**How to complete this task**
Write the listing out again word for word, excluding any pictures.

**Raw data**
Segment Open

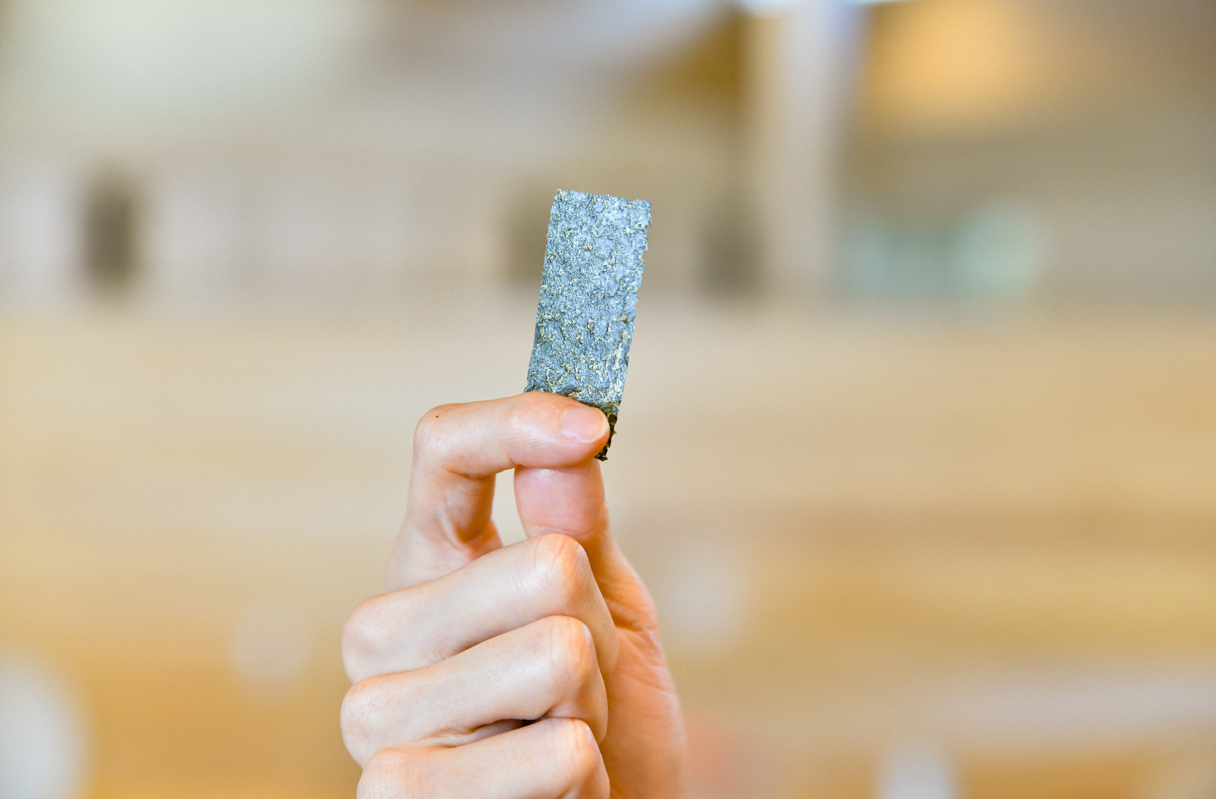 近年ののりの漁獲量減少を受け、のりの代替食品を開発しました。今回はカルビーらしく、スナック感覚で召し上がっていただける商品を提案しました。
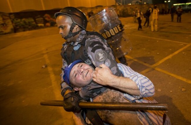 Military police detain a man during an anti-government protest in Rio de Janeiro, Brazil. (AP Photo/Victor R. Caivano)
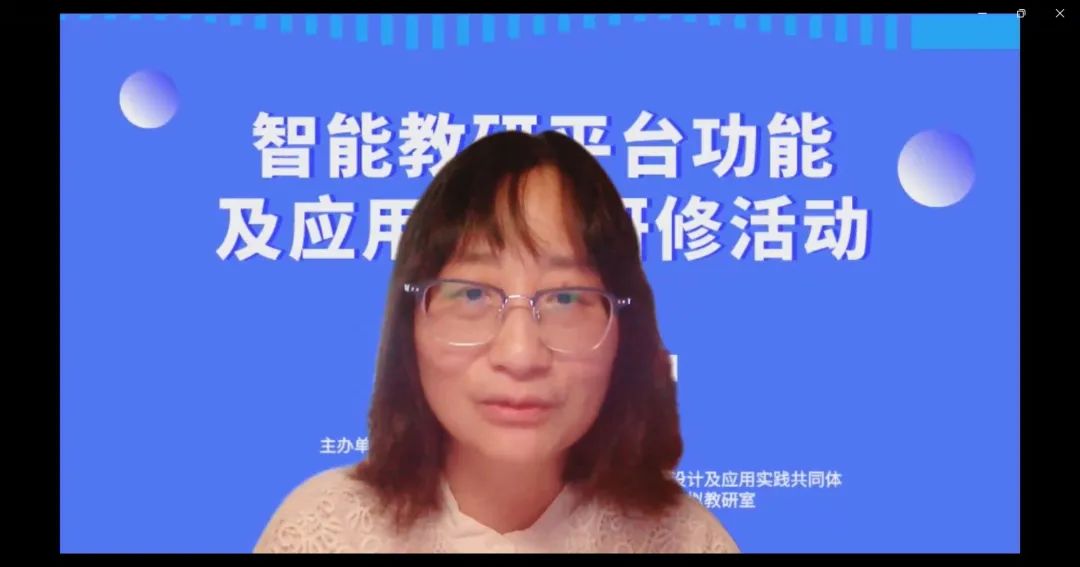 陳琳主任詳細介紹了央館智能研修平臺在一線的實踐應用,分享自己基于央館智能研修平臺形成的“一二三四五”的個人發(fā)展路徑,展現(xiàn)了智能研修平臺對一線教師專業(yè)發(fā)展和賦能教學教研創(chuàng)新的方法與成效。

Segment Closed

**Task answer**
 近年ののりの漁獲量減少を受け、のりの代替食品を開発しました。今回はカルビーらしく、スナック感覚で召し上がっていただける商品を提案しました。
 Military police detain a man during an anti-government protest in Rio de Janeiro, Brazil. (AP Photo/Victor R. Caivano)
 陳琳主任詳細介紹了央館智能研修平臺在一線的實踐應用,分享自己基于央館智能研修平臺形成的“一二三四五”的個人發(fā)展路徑,展現(xiàn)了智能研修平臺對一線教師專業(yè)發(fā)展和賦能教學教研創(chuàng)新的方法與成效。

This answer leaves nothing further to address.